*** Opening of Dataset records ***
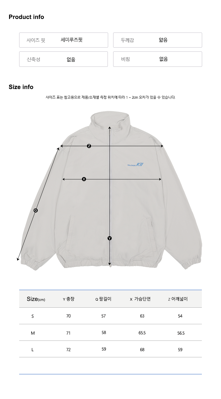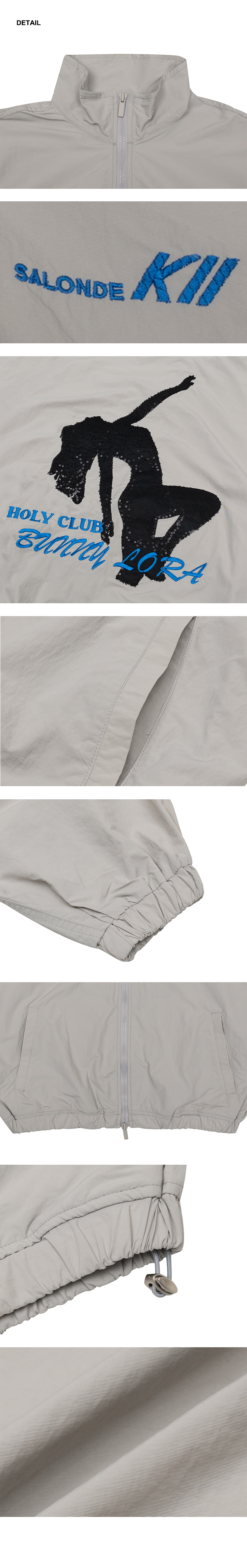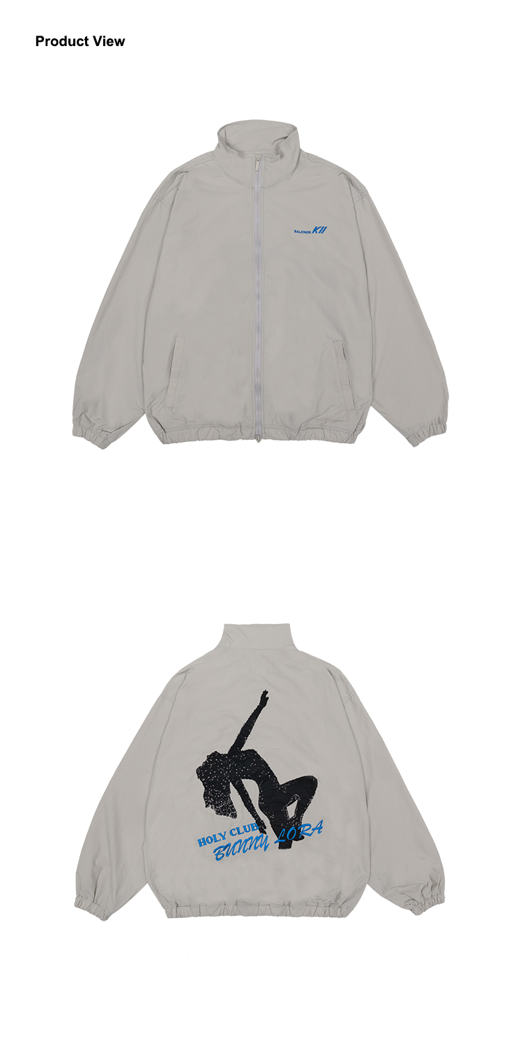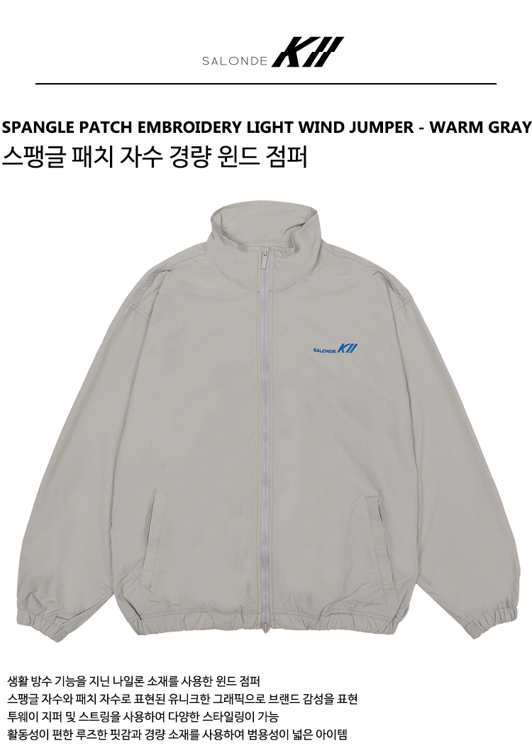 생활 방수 기능의 나일론 소재를 사용한 윈드 점퍼로 스팽글 자수와 패치 자수로 표현된 유니크한 그래픽으로 브랜드 감성을 표현했으며, 투웨이 지퍼 및 스트링을 사용하여 다양한 스타일링이 가능한 활동성이 편한 루즈한 핏감과 경량 소재를 사용하여 범용성이 넓은 아이템입니다.
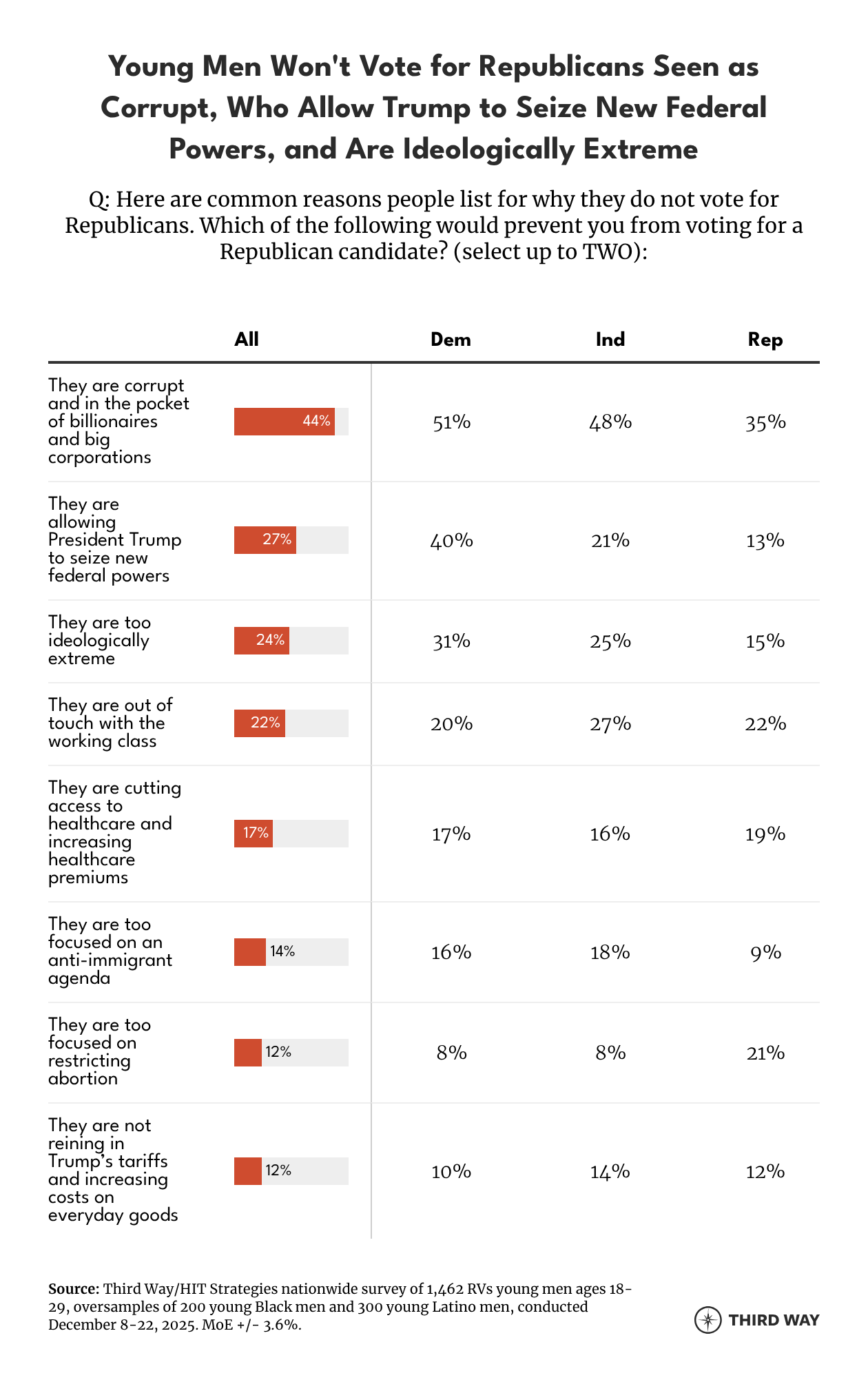 Alternatively, the top reasons that would prevent young men from voting for a Republican candidate include being “corrupt and in the pocket of billionaires and big corporations” (44%), “allowing President Trump to seize new federal powers” (27%), and being “too ideologically extreme” (24%).
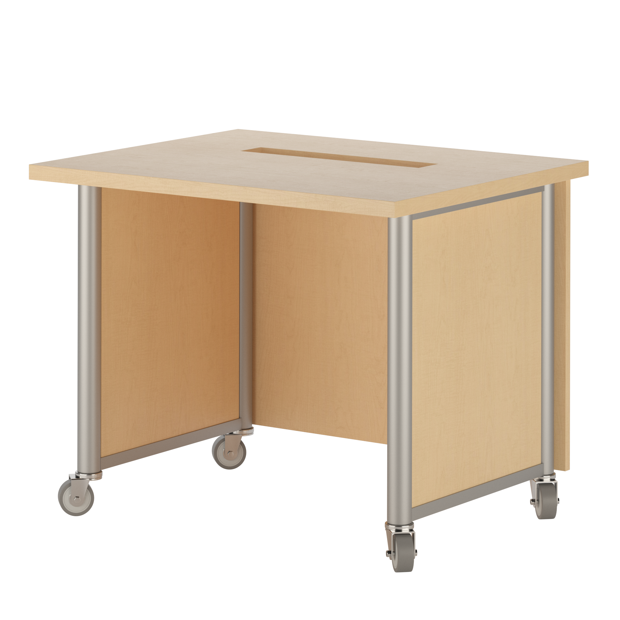 These desks are available in the Aura Series which features maple or oak veneer on all exposed surfaces with a High Pressure Laminate top surface.
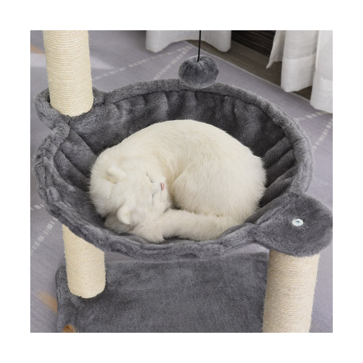 Arbre À Chat 2 Griffoirs Grattoirs Sisal Naturel Hamac Jeu 2 Boules Suspendues Peluche Haute Densité 400 G/m² Gris
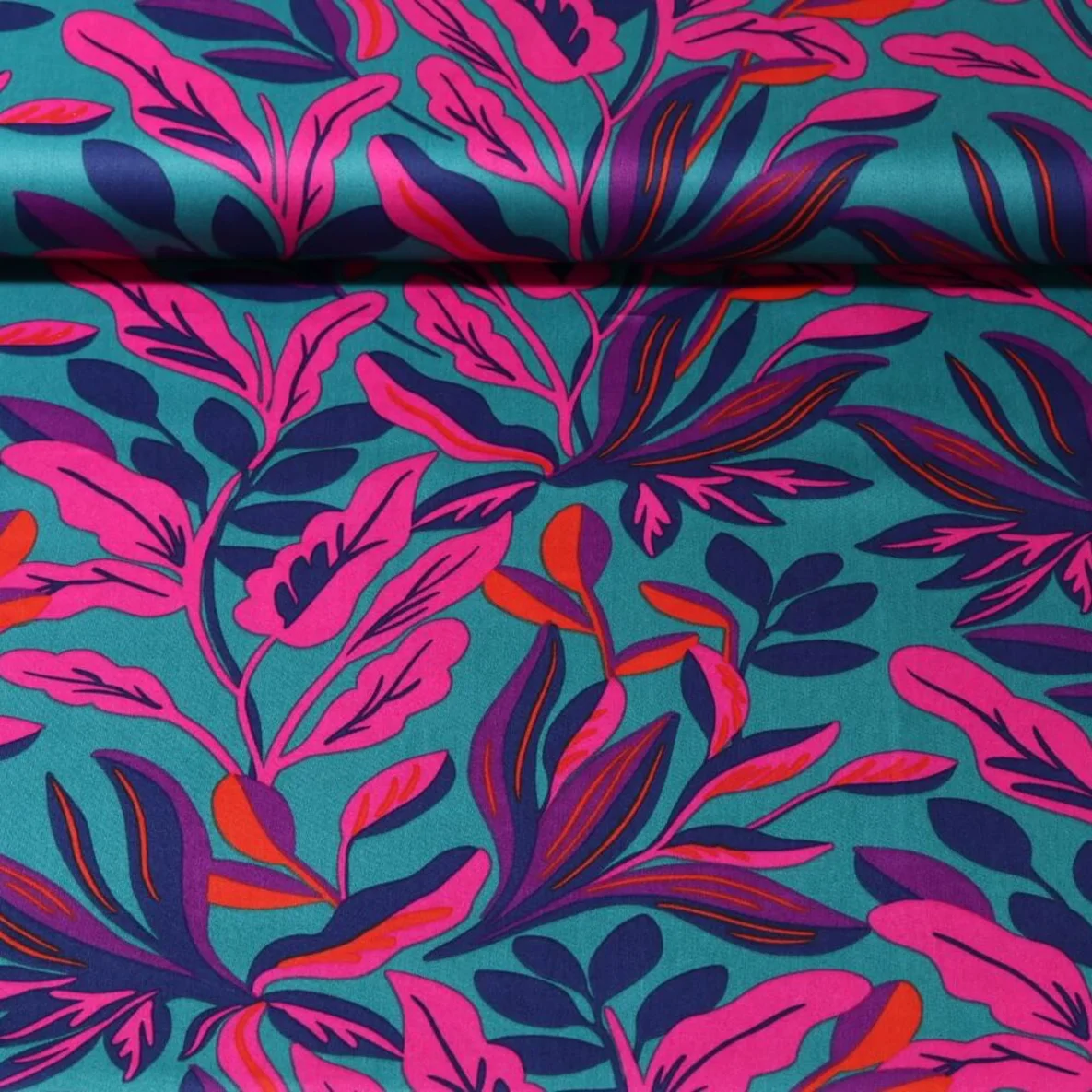 Nähe aus diesem Baumwollsatin von Nerida Hansen elegante Kleider, Blusen oder Röcke. Das Material hat einen angenehm fließenden Fall und eignet sich z.B. für unser Blusenkleid-Schnittmuster "Holly".
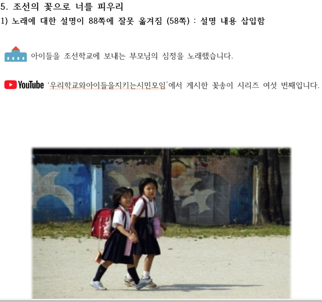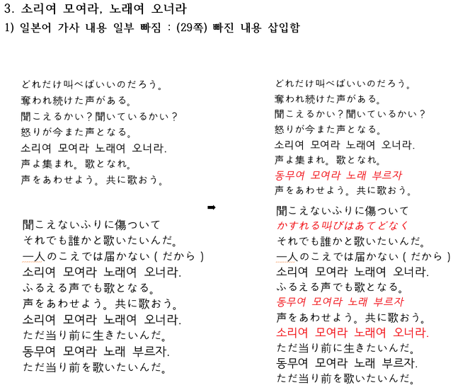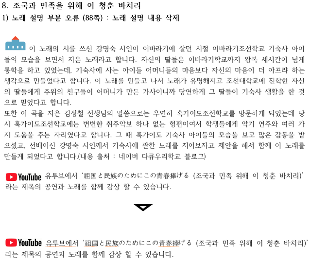 ※ 본 오류 수정 내용 중 5번(조선의 꽃으로 너를 피우리), 8번 부분(조국과 민족을 위해 이 청춘 바치리) 오류 부분은 별도로 책에 부착할 수 있는 '수정용 스티커'를 제작 해 두었습니다. 본 수정용 스티커를 수령하고자 하는 회원분들이 계시면 아래 댓글에 '비밀'로하여 주소를 남겨주시면 저희가 우편으로 발송하여 드리고자 합니다.
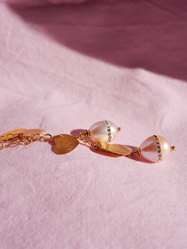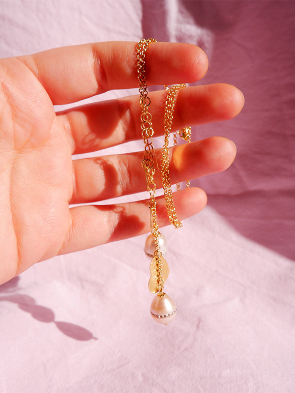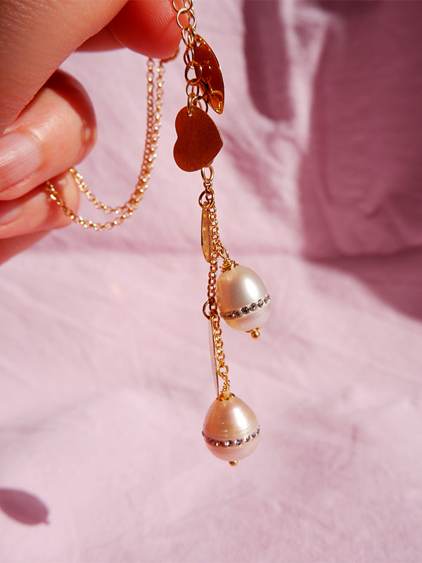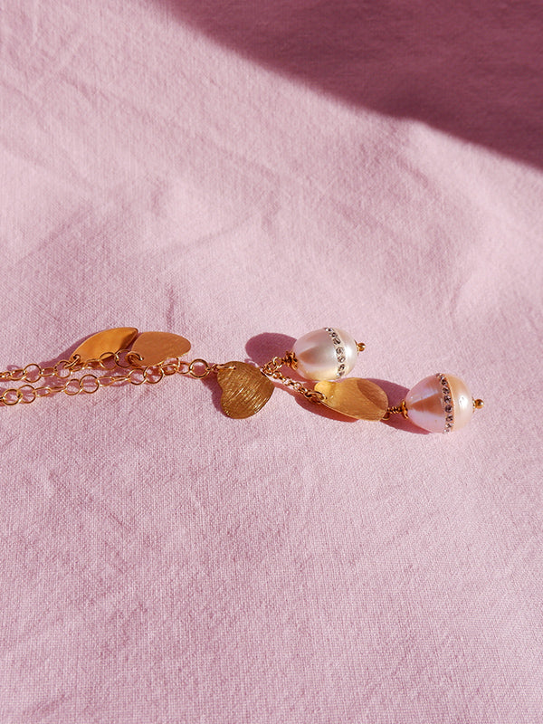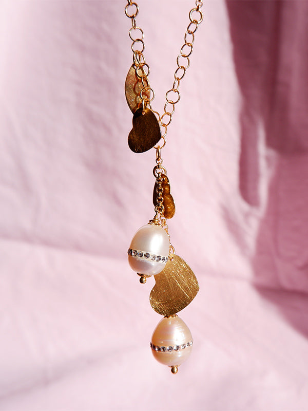 Collana pendente in oro giallo 18k a maglia rolò con applicazioni di piccoli charms in oro giallo: una fogliolina in oro lucido e tre cuoricini in oro graffiato, e due perle, una bianca ed una rosa, con giro di zirconi. La lunghezza del giro è di 45cm, con pratica chiusura a molla, e la lunghezza del pendente è di 5cm.
*** Close of Dataset records ***
:: Problem details ::
Please copy out the entries above exactly as they appear, but skip their images.

:: Your response ::
 생활 방수 기능의 나일론 소재를 사용한 윈드 점퍼로 스팽글 자수와 패치 자수로 표현된 유니크한 그래픽으로 브랜드 감성을 표현했으며, 투웨이 지퍼 및 스트링을 사용하여 다양한 스타일링이 가능한 활동성이 편한 루즈한 핏감과 경량 소재를 사용하여 범용성이 넓은 아이템입니다.
 Alternatively, the top reasons that would prevent young men from voting for a Republican candidate include being “corrupt and in the pocket of billionaires and big corporations” (44%), “allowing President Trump to seize new federal powers” (27%), and being “too ideologically extreme” (24%).
 These desks are available in the Aura Series which features maple or oak veneer on all exposed surfaces with a High Pressure Laminate top surface.
 Arbre À Chat 2 Griffoirs Grattoirs Sisal Naturel Hamac Jeu 2 Boules Suspendues Peluche Haute Densité 400 G/m² Gris
 Nähe aus diesem Baumwollsatin von Nerida Hansen elegante Kleider, Blusen oder Röcke. Das Material hat einen angenehm fließenden Fall und eignet sich z.B. für unser Blusenkleid-Schnittmuster "Holly".
 ※ 본 오류 수정 내용 중 5번(조선의 꽃으로 너를 피우리), 8번 부분(조국과 민족을 위해 이 청춘 바치리) 오류 부분은 별도로 책에 부착할 수 있는 '수정용 스티커'를 제작 해 두었습니다. 본 수정용 스티커를 수령하고자 하는 회원분들이 계시면 아래 댓글에 '비밀'로하여 주소를 남겨주시면 저희가 우편으로 발송하여 드리고자 합니다.
 Collana pendente in oro giallo 18k a maglia rolò con applicazioni di piccoli charms in oro giallo: una fogliolina in oro lucido e tre cuoricini in oro graffiato, e due perle, una bianca ed una rosa, con giro di zirconi. La lunghezza del giro è di 45cm, con pratica chiusura a molla, e la lunghezza del pendente è di 5cm.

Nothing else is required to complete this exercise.